* **Task statement**
Pictures should be left out when the listing below is repeated word for word.

* **Data shown**
◆ ◆ ◆ ◆ ◆

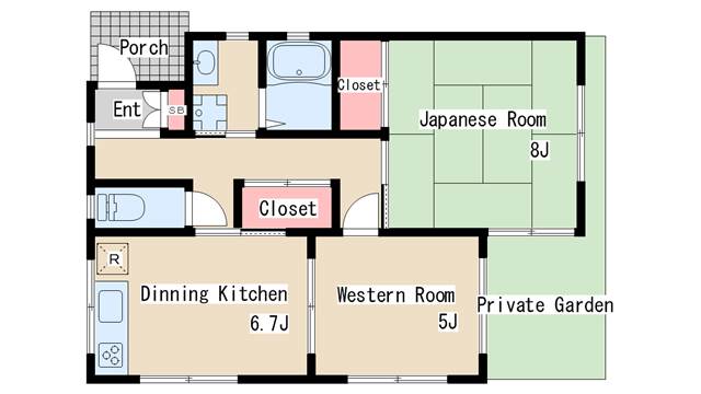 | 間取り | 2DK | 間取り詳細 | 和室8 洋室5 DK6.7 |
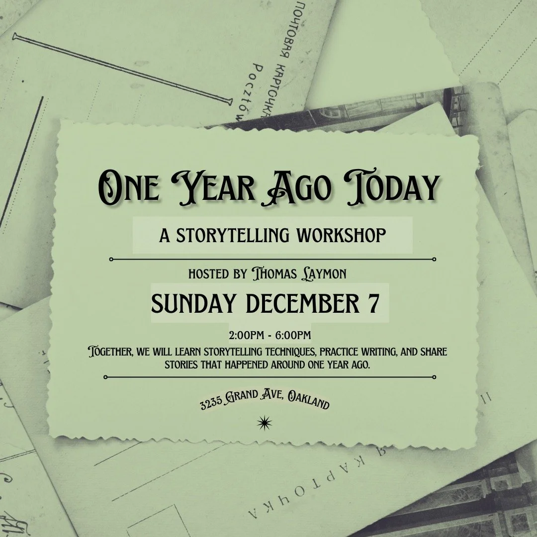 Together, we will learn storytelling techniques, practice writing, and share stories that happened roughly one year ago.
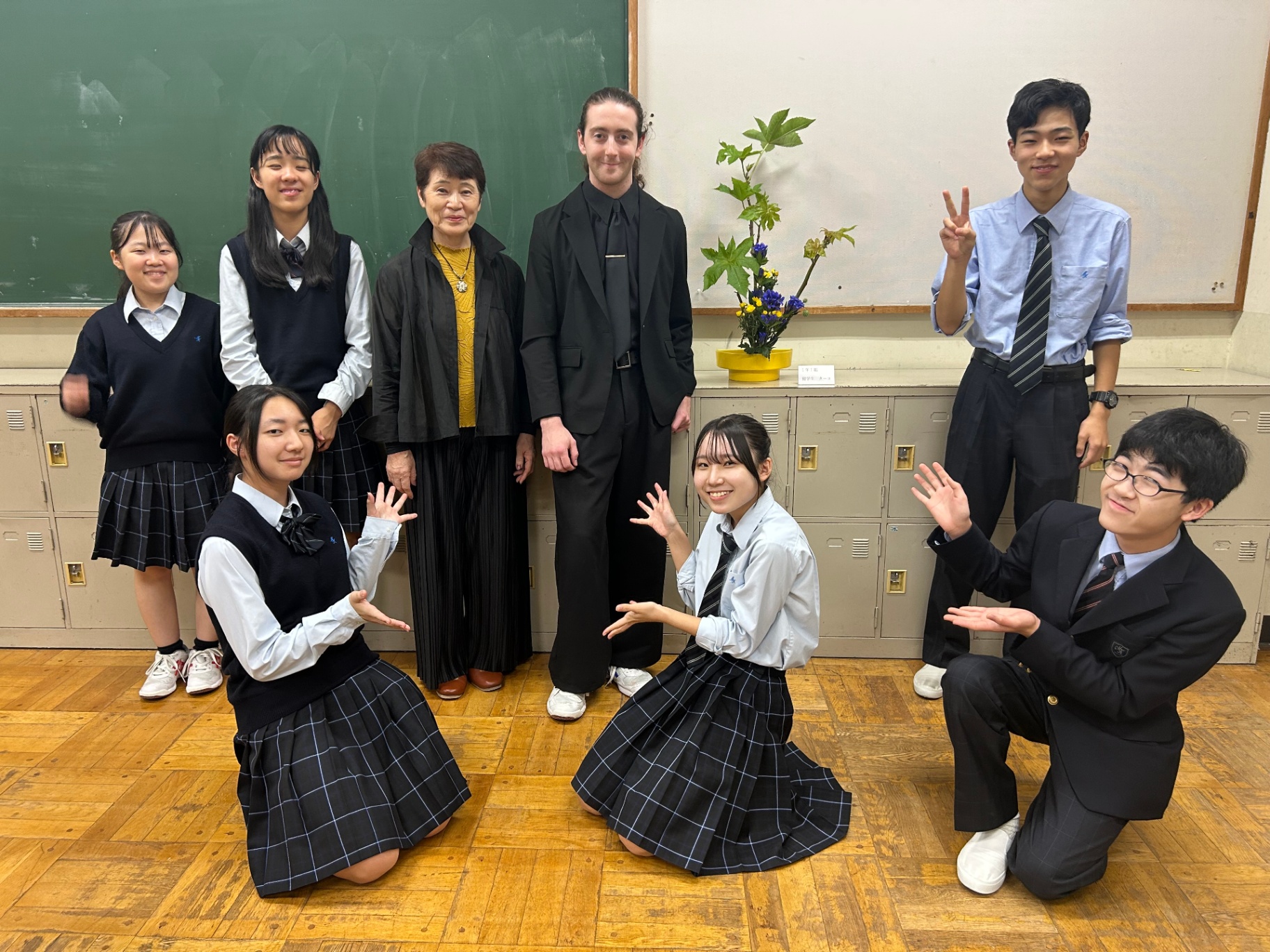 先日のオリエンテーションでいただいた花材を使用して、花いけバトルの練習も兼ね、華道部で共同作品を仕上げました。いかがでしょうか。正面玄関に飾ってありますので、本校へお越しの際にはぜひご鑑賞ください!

◆ ◆ ◆ ◆ ◆

* **Solution for this exercise**
 | 間取り | 2DK | 間取り詳細 | 和室8 洋室5 DK6.7 |
 Together, we will learn storytelling techniques, practice writing, and share stories that happened roughly one year ago.
 先日のオリエンテーションでいただいた花材を使用して、花いけバトルの練習も兼ね、華道部で共同作品を仕上げました。いかがでしょうか。正面玄関に飾ってありますので、本校へお越しの際にはぜひご鑑賞ください!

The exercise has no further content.